OTP, the Middleware for Concurrent Distributed Scalable Architectures (2012)
- OTP, the Middleware for Concurrent Distributed Scalable Architectures Recorded at Code Mesh London in 2012
- When you are writing a massively complex highly distributed system, you need more just than a language, Erlang is just a programming language. You need architectural patterns, you need to start thinking in term of how you distribute your system.
- What is the point with OTP? First of all, you get much more less code […] Less bugs […] Much more solid and tested code. Much more deep learning curves […] Performances will be slightly impacted due to the layers.
Immutability is everything (2018)
- Immutability is everything Recorded at Code Motion Rome, in 2018.
- By learning them, and understanding their paradigms, and by programming in a functional way, you will end up being much more productive and you're becoming much better programmers.
- There is two ways basically to deal with concurrency. Mutable state, you must have shared memory, you must have threads, you must have mutexes when you access critical sections. If you are dealing with immutable state, what you do is processes will not share memory. The only way for them to share data is through a message passing that needs to copy the data from one process to another. They'll each have their own copy. So, two completely different paradigms, two completely different results.
- When you call a function with no side effects, what that means is, every time you call that functions with the same set of values, you always get back that same result. That's immutable state. Mutable state, when you're dealing with shared memory, you call a function with a set of values, you don't know what value you're gonna get back. So you got determinism versus non determinism here.
- All languages will have side effects. They will have some form of mutability. The whole goal is to try to decrease this mutability as much as possible.

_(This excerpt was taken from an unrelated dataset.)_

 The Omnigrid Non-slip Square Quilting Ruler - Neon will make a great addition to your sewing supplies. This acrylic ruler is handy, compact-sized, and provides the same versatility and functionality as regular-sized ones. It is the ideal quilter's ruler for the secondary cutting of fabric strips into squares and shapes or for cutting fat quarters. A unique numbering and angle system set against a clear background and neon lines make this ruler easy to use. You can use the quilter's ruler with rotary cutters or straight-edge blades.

- What you need to do is to make sure your threads become immutable. So you can change a data within a thread, but if you got two threads communicating with each other, you need to mimic this whole message passing approach. You need to copy the data from one threads to another, avoiding having shared state.
- What the Sunway TaihuLight, Raspberry Pi and Parallela board have in common? It is the heterogeneous multi-cores. So you have different types of cores, and that's the future of the computers we will working on today. The shift in multi-cores is inevitable.

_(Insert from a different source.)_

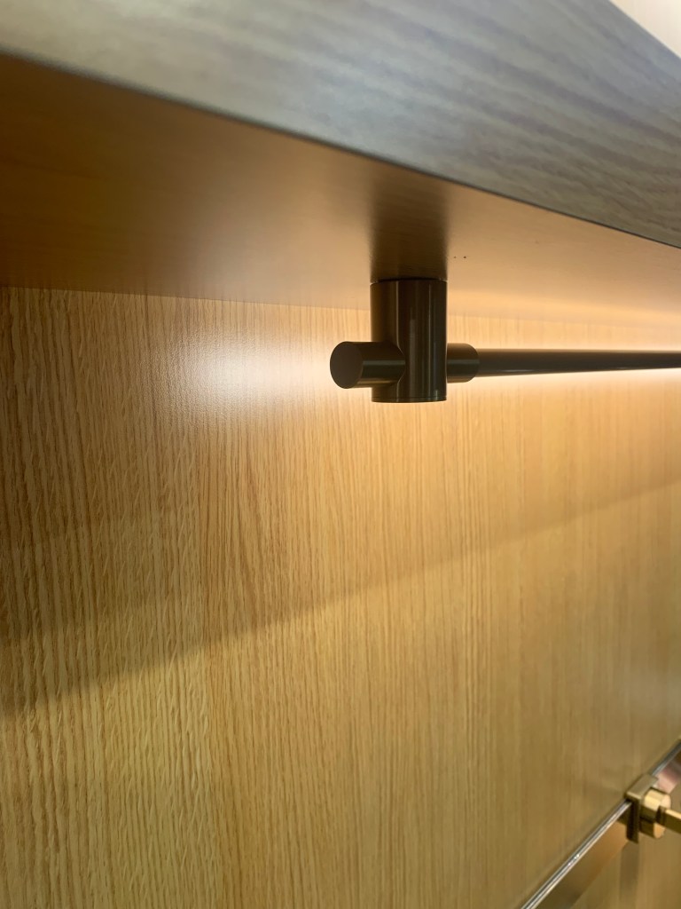 I really liked the Juniper alternative to under-cabinet lighting. Rather than the utilitarian box, this is a rail, offset from the underside of the cabinet by a barrel on each end. The rail rotates to deliver light as directed. This is a great solution for finished-bottom cabinets and shelves with a very purposeful look and design.

- Even if your program is highly parallel, your bottleneck will still be the virtual machine, because you still have schedulers, you still need to process and handle and schedule your different processes.
- You distribute for scale and you replicate for availability.
- A system which is strongly available means that it is not reliable because of the reliability you might need to take down the machines. On the other hands if you don't worry about the reliability of your data, as long as you've got a value which is not too old, you can go in and distribute it, and scale that way.